### Problem
Only the lines from the one bearing "Sterling Silver Birthstone" through the end of the entries should be output, exactly as they stand, and pictures should be skipped.

### Items from a dataset
━━━━━━

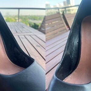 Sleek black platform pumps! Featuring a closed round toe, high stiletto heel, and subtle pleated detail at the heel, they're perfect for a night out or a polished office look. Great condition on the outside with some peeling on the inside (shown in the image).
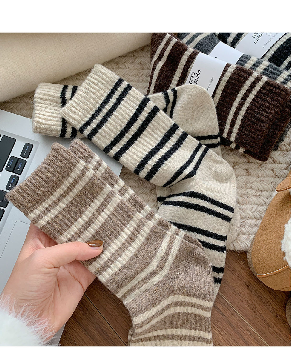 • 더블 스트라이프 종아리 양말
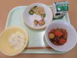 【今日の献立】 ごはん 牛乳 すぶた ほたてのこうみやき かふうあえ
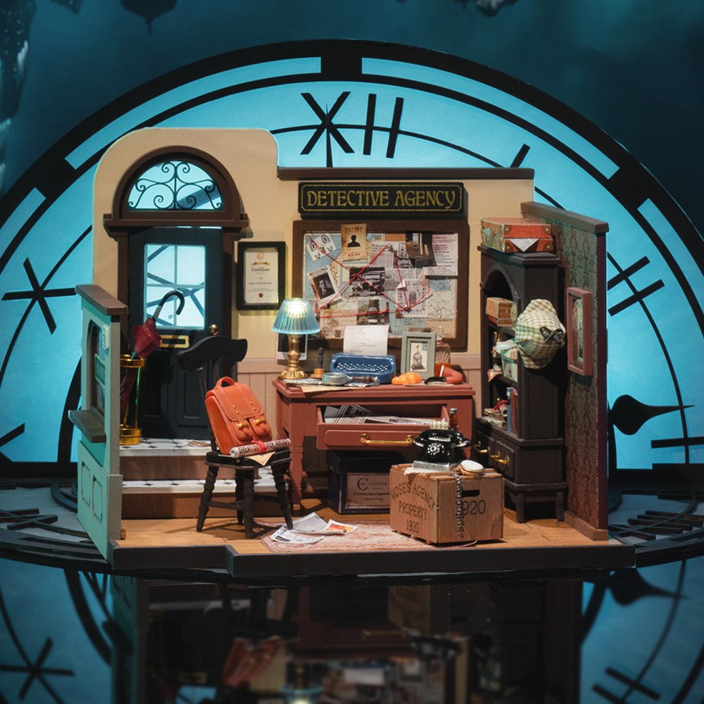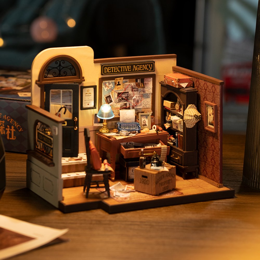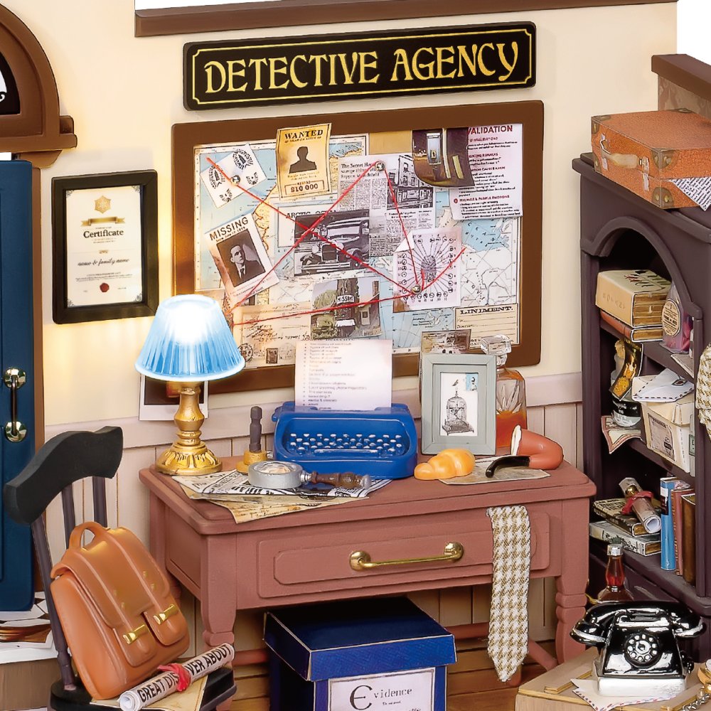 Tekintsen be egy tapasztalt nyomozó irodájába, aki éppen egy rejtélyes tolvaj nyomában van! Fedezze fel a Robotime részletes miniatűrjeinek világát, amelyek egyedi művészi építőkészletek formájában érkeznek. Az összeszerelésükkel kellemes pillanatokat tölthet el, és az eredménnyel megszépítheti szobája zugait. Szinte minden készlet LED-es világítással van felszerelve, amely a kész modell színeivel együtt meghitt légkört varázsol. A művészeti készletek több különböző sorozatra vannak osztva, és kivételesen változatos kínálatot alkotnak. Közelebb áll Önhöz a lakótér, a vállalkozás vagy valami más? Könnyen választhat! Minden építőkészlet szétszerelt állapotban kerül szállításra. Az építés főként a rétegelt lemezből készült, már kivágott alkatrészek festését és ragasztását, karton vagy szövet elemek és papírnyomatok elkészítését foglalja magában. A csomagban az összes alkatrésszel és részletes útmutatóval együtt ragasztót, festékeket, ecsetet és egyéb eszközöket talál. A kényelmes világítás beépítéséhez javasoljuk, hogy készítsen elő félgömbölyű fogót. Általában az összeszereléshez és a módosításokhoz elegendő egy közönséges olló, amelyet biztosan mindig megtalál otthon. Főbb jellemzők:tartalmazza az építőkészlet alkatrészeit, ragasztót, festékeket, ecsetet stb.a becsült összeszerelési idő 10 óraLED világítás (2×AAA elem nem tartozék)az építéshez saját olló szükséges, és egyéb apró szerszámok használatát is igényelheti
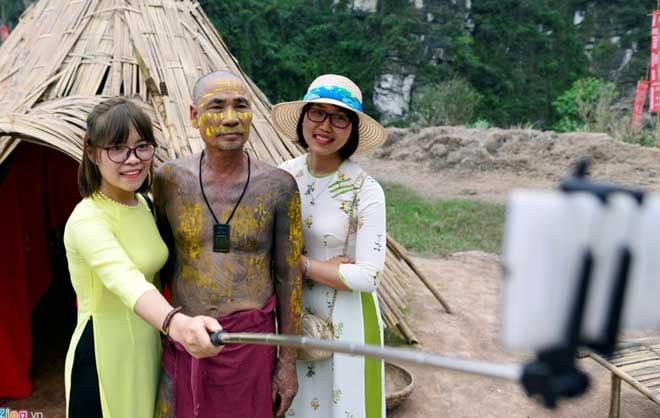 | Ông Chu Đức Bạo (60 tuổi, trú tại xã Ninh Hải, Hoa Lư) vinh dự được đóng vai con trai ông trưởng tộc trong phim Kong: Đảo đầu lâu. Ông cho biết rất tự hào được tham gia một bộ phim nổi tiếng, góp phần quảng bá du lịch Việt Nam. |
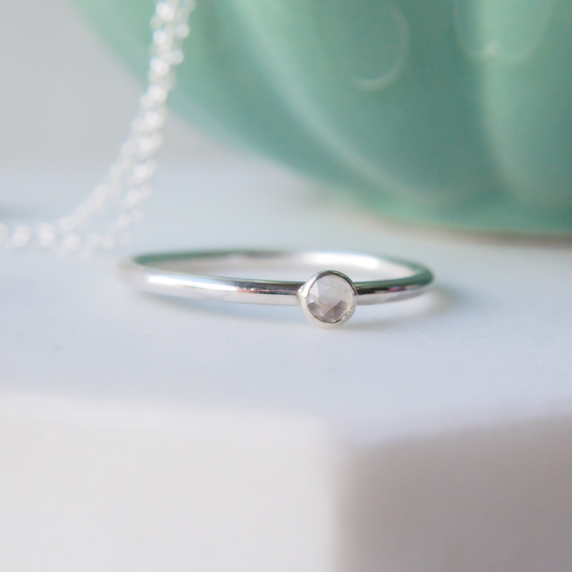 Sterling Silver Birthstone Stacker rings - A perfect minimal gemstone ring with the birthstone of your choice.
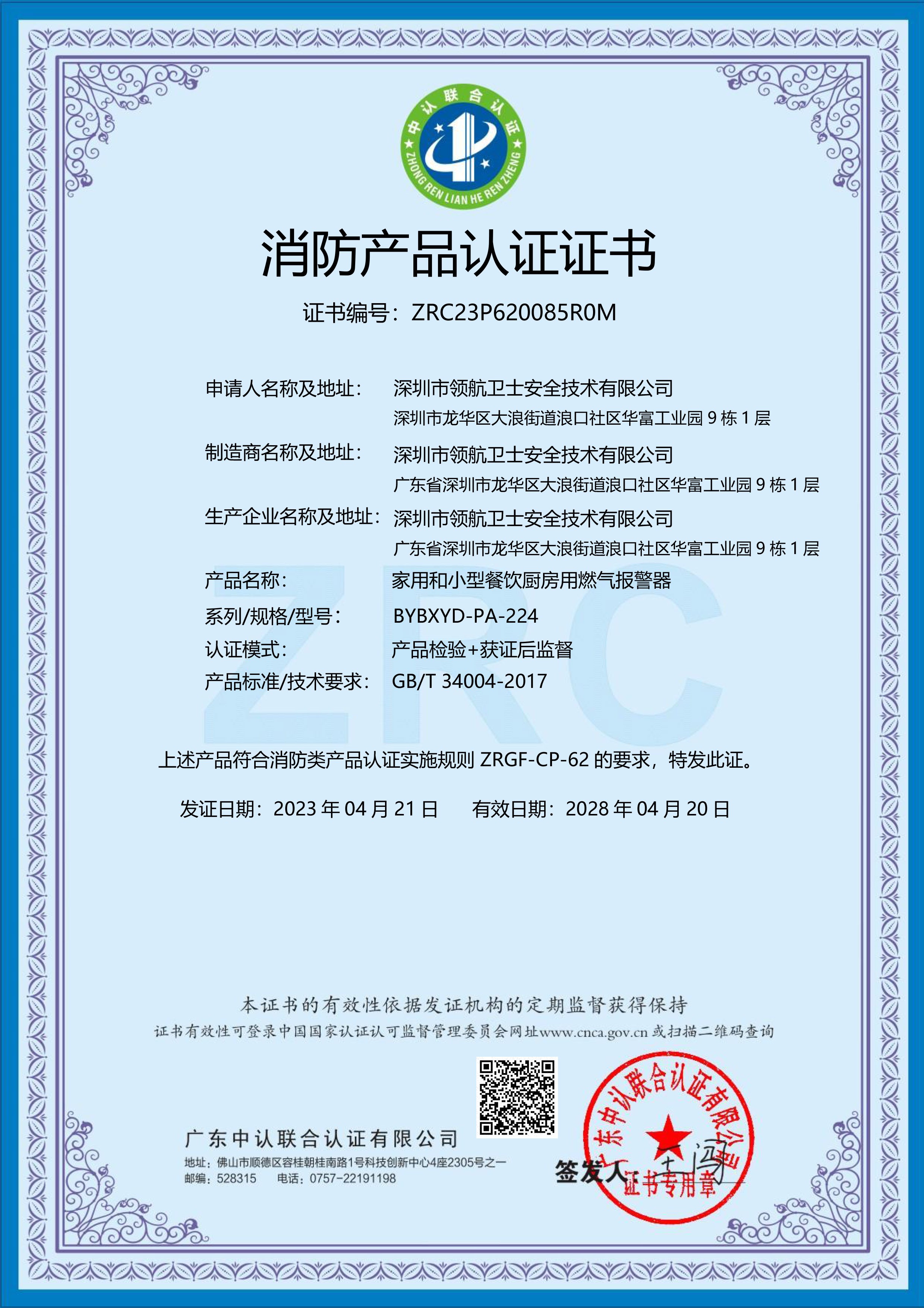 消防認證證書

━━━━━━

### Answer space
 Sterling Silver Birthstone Stacker rings - A perfect minimal gemstone ring with the birthstone of your choice.
 消防認證證書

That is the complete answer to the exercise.